Their work, however, showed that ß-glucan only increases the opportunity for bone loss to occur—it does not cause actual bone loss. That only occurs if a second inflammatory stimulus, such as arthritis or periodontitis, is present.
“This requirement [for a secondary challenge] epitomizes the concept of trained immunity—the training stimulus causes a state of preparedness for future events,” says Hajishengallis.
Importantly, these results argue against the idea that it is the initial stimulus that is driving TRIM to be beneficial or maladaptive (harmful), as ß-glucan caused beneficial TRIM (for example, tumor growth inhibition) in previous studies by Hajishengallis and Chavakis.
“Our findings suggest that the context in which TRIM emerges dictates whether the functional outcome is protective or harmful,” says Chavakis.
“The double-edged sword nature of TRIM acquires special relevance when considering the preventive or therapeutic application of TRIM-inducing agents,” adds Hajishengallis.
George Hajishengallis is the Thomas W. Evans Centennial Professor in the Department of Basic & Translational Sciences in the School of Dental Medicine at the University of Pennsylvania.

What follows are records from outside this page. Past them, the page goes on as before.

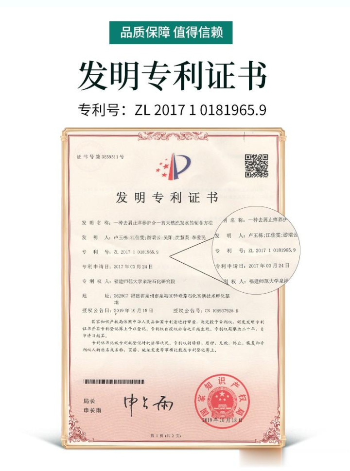 - 舒徐止痒因素:添增加耕作物索求物可快速缓解头皮泛红瘙痒,实测几次止痒起效,相较于单一舒徐因素家具,止痒速率进步45%,头皮泛红消退,幸免因瘙痒握挠导致的头皮损害。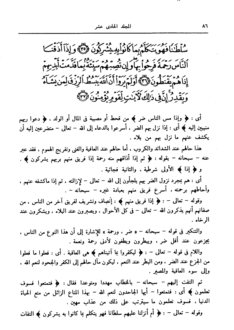 هذا حالهم عند الشدائد والكروب، أما حالهم عند العافية والغنى وتفريج الهموم، فقد عبر عنه- سبحانه- بقوله: ثُمَّ إِذا أَذاقَهُمْ مِنْهُ رَحْمَةً إِذا فَرِيقٌ مِنْهُمْ بِرَبِّهِمْ يُشْرِكُونَ.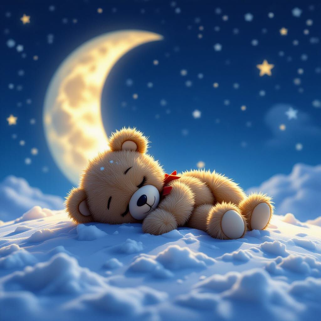 This image shows a whimsical, surreal concept art of a teddy boy sleeping on the moon. Stars and snowflakes fill the night sky, with soft lighting and vibrant colors, resembling an oil painting.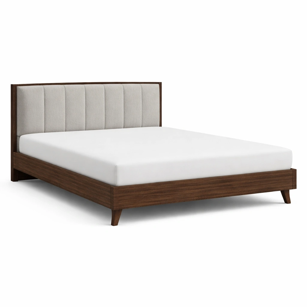 Material: Estructura de madera maciza, cabecero tapizado en tela de poliéster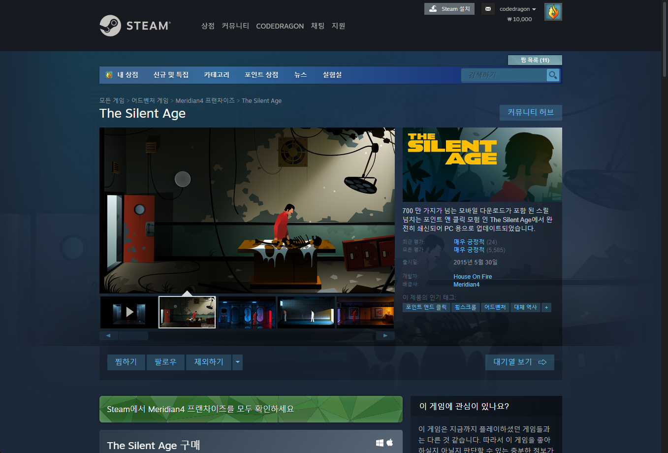 - "The Silent Age" 게임 보유 확인
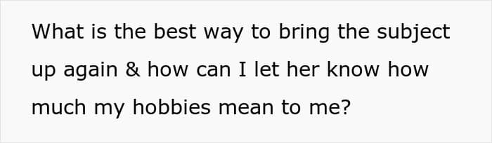 She adds that you could also consider giving birthday or Christmas gifts that support his hobby. Or why not give the gift of time by carving out space in the family schedule that allows your spouse time to do what they love?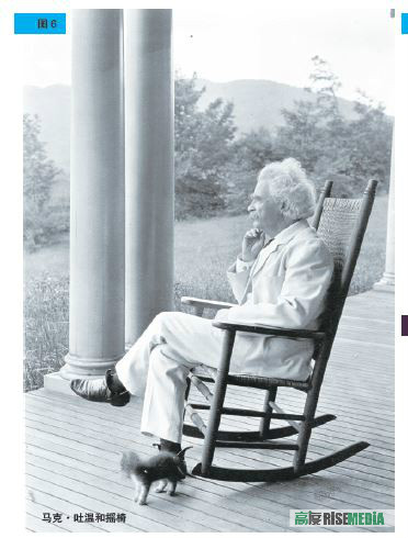 历史上钟爱摇椅的名人很多,比起那些中规中矩的家具,摇椅自然成为最具趣味、最能与人亲近的伙伴。抽象派大师毕加索的工作室和家中,都能找到他中意的曲木摇椅。20世纪50年代,媒体发布了肯尼迪总统在办公室坐在摇椅上的照片,名人效应瞬间爆棚,一下子捧红了当时的P&P摇椅制造公司。那个年代的作家马克·吐温,很喜欢坐在室外的摇椅上抽烟,那样子好像在说“我只想安静的做个美男子”。(图6,图9)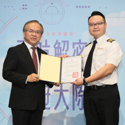 今年「國內航空器駕駛員訓練獎助金」共有華航錢武正、華信呂忠倫、星宇黃志瑋、台灣虎航何偉綸和詹博勛五位機師獲得獎助金,在全場航空迷的注視下,由航發會董事長陳彥伯手中接下證書,並可獲得50萬元獎助金。他也鼓勵年輕學子:「想學飛!努力不懈、勇敢去追!」。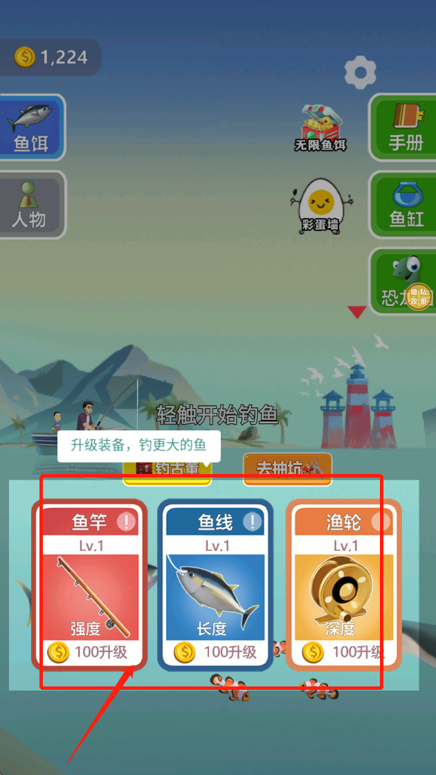 3.获得金钱后可以升级钓鱼工具。

Triantafyllos Chavakis is a professor and director of the Institute for Clinical Chemistry and Laboratory Medicine at the University Hospital Carl Gustav Carus, Technische Universität (TU) Dresden, Germany.
Other authors are Hui Wang of the School of Dental Medicine at the University of Pennsylvania and Sichuan University; Anisha U. Shah of the School of Dental Medicine at the University of Pennsylvania; Xiaofei Li of the School of Dental Medicine at the University of Pennsylvania and Shanghai Jiao Tong University; Jun Wang and Ling Ye of Sichuan University; Nora Haacke, Marko Barovic, Adelina Botezatu, Kyoung-Jin Chung, Bettina Gercken , Aikaterini Hatzioannou, Kosuke Nagai, Mangesh T. Jaykar, Martina Rauner, and Ben Wielockx of TU Dresden; Lydia Kalafati of TU Dresden and the Institute of Radiopharmaceutical Cancer Research; Giulia Trimaglio and Shu Yan of TU Dresden and the National Center for Tumor Diseases, Partner Site Dresden; and Mihai G. Netea of Radboud University Medical Center and the University of Bonn.
This work was supported by grants from the Stiftung für Pathobiochemie und Molekulare Diagnostik (to N.H.), the Deutsche Forschungsgemeinschaft (SFB-TRR369 to T.C., L.K., M.R., and B.W.) and the NIH (DE031206 and DE033643 to G.H.). T.C. is also supported by the European Research Council (LOSYSINCHRON), the Saxon State Ministry of Science, Culture and Tourism (SMWK), and the Deutsche Forschungsgemeinschaft (SFB-TRR332).